More Investors Sue Disney Over Chapek-Era Costs and Reporter

Another group of investors has sued The Walt Disney Company over reports that were made during the tenure of then Disney CEO Bob Chapek. The suit alleges that Disney lied about losses incurred by Disney+, it’s streaming service. It says that this was done to make it look like Disney+ would achieve its goal of being profitable by the end of 2024.

The investor lawsuit says that Disney had a scheme to “inappropriately shift costs” by debuting titles that first aired on Disney+ on traditional linear television. This then allowed for the movement of marketing and production costs. The complaint was filed on August 23 in California federal court. This is the third known lawsuit that accuses Disney of the same “cost-shifting scheme.”  It also accuses the company of a scheme to obstruct a deal between TSG Entertainment Finance and 20th Century Studios, which Disney owns, to “prop up” Disney+ and inflate its stock price. 

The lawsuit says that executives also worked to hide expenses and how difficult it was to continue to maintain subscriber growth. This came as Disney incurred “staggering costs” to create content for the streaming service. Former Disney CEO Bob Chapek, content executive Kareem Daniel, and former CFO Christine McCarthy decided to air The Mysterious Benedict Society and Doogie Kameāloha, M.D. on the Disney Channel to make the streaming service look more successful than it actually was.
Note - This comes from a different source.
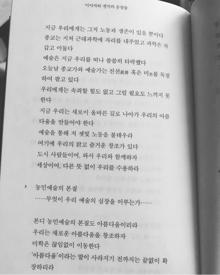 겐지는 예술이 노동하는 인간의 삶을 정서적으로 풍요롭게 만든다고 믿었습니다…이러한 신념을 담은 글이 <농민예술개론강요>입니다. 어떻게 하면 농촌 마을에 예술을 부흥시킬 수 있을까, 어떻게 하면 노동과 예술이 공존하는 삶을 살 수 있을까.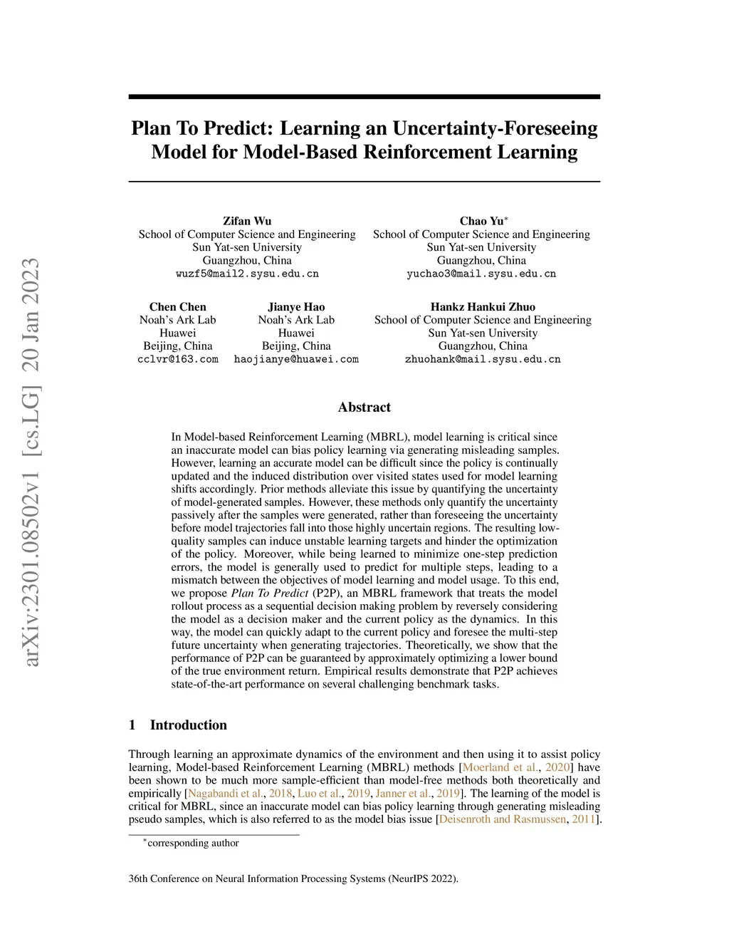 In Model-based Reinforcement Learning (MBRL), model learning is critical since an inaccurate model can bias policy learning via generating misleading samples. However, learning an accurate model can be difficult since the policy is continually updated and the induced distribution over visited states used for model learning shifts accordingly. Prior methods alleviate this issue by quantifying the uncertainty of model-generated samples. However, these methods only quantify the uncertainty passively after the samples were generated, rather than foreseeing the uncertainty before model trajectories fall into those highly uncertain regions. The resulting low-quality samples can induce unstable learning targets and hinder the optimization of the policy. Moreover, while being learned to minimize one-step prediction errors, the model is generally used to predict for multiple steps, leading to a mismatch between the objectives of model learning and model usage. To this end, we propose \emph{Plan To Predict} (P2P), an MBRL framework that treats the model rollout process as a sequential decision making problem by reversely considering the model as a decision maker and the current policy as the dynamics. In this way, the model can quickly adapt to the current policy and foresee the multi-step future uncertainty when generating trajectories. Theoretically, we show that the performance of P2P can be guaranteed by approximately optimizing a lower bound of the true environment return. Empirical results demonstrate that P2P achieves state-of-the-art performance on several challenging benchmark tasks.

 “Disney+ has exceeded our wildest expectations with 86.8 million subscribers as of December 2” and that the “success” of the platform has “bolstered our confidence in our continued acceleration towards a DTC-first business model,” Bob Chapek said in December 2020. Chapek repeatedly said that Disney+ would be profitable by the end of 2024. This forecast an “astounding three-fold increase from prior estimates without any degradation in expected profitability for the segment,” the lawsuit says.
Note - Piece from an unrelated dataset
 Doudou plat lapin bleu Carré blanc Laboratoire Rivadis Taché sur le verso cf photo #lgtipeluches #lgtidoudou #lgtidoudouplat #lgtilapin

The picture did not continue to be that rosey, however. In 2021, subscriber growth began to slow. The following year Disney reported that it had missed anylist estimates by wide margins. This happened in revenue, sales, and earnings. The 4th quarter of 2022 saw Disney’s Direct to Consumer businesses see a loss of $1.47 billion, up from a $630 million loss the previous year during the same quarter. This led to Disney’s stock plummeting by 13%.

“The Company also reported a decline in its average revenue per Disney+ subscriber, as more customers subscribed through a discounted bundle with the Company’s other services,” the lawsuit complains. “Notably, the bundled offering made up about 40% of domestic subscribers, confirming that Disney was relying on short-term promotional efforts to boost subscriber growth while impairing the platform’s long-term profitability.”
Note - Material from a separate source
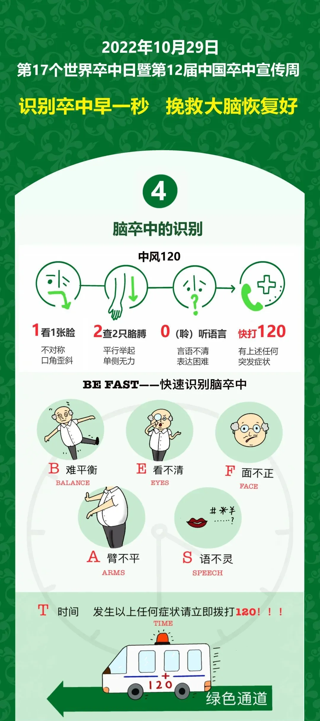“中风120”口诀是一种适用于民众的迅速识别脑卒中和即刻行动的策略:

After the pandemic struck shortly after the launch of Disney+, the streaming service saw stronger than expected growth. This led to then Disney CEO Bob Chapek to go “all in” on streaming. This led to a fairly substantial restructuring of the company and a“dramatic departure from Disney’s historical reporting structure and was hugely controversial within the Company because it took power away from creative content-focused executives and centralized it in a new reporting group” led by Kareem Daniel.

“With this new structure, Chapek removed budgetary and distribution control from the heads of Disney’s content groups (much to their dismay) and placed control in the hands of DMED’s new Chairman, defendant Daniel, who reported directly to his long-time mentor Chapek,” states the lawsuit, which also notes that the duo “exerted near complete control over the Company’s strategic decisions around content.”

The new structure was done away with when former and now current Disney CEO Bob Iger returned to the company. Iger is also listed in this lawsuit. Iger saw that creative decisions were moved back into the hands of creatives. This included distribution decisions. Iger has made it quite clear that he feels this is essential for the future success of the company. This has been noted in the lawsuit as well as evidence against Chapek.